* [Work order]:
Exact copies of all the lines below are required, with the pictures omitted.

* [Data shown]:

▬▬▬▬▬▬▬▬▬▬

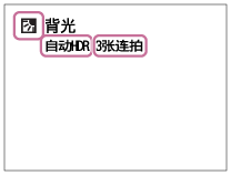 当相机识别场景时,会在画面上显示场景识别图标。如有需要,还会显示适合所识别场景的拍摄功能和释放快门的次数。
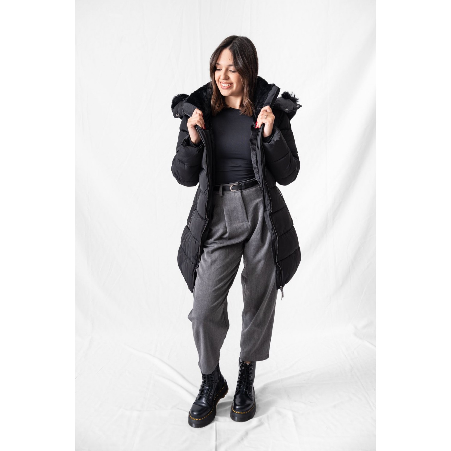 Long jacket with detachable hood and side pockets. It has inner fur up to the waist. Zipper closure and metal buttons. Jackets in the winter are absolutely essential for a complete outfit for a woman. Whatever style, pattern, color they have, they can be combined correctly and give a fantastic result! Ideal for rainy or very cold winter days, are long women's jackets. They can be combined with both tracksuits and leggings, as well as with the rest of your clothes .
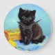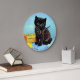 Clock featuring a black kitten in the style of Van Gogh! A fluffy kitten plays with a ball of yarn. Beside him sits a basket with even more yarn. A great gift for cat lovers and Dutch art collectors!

▬▬▬▬▬▬▬▬▬▬

* [Task response]:
 当相机识别场景时,会在画面上显示场景识别图标。如有需要,还会显示适合所识别场景的拍摄功能和释放快门的次数。
 Long jacket with detachable hood and side pockets. It has inner fur up to the waist. Zipper closure and metal buttons. Jackets in the winter are absolutely essential for a complete outfit for a woman. Whatever style, pattern, color they have, they can be combined correctly and give a fantastic result! Ideal for rainy or very cold winter days, are long women's jackets. They can be combined with both tracksuits and leggings, as well as with the rest of your clothes .
 Clock featuring a black kitten in the style of Van Gogh! A fluffy kitten plays with a ball of yarn. Beside him sits a basket with even more yarn. A great gift for cat lovers and Dutch art collectors!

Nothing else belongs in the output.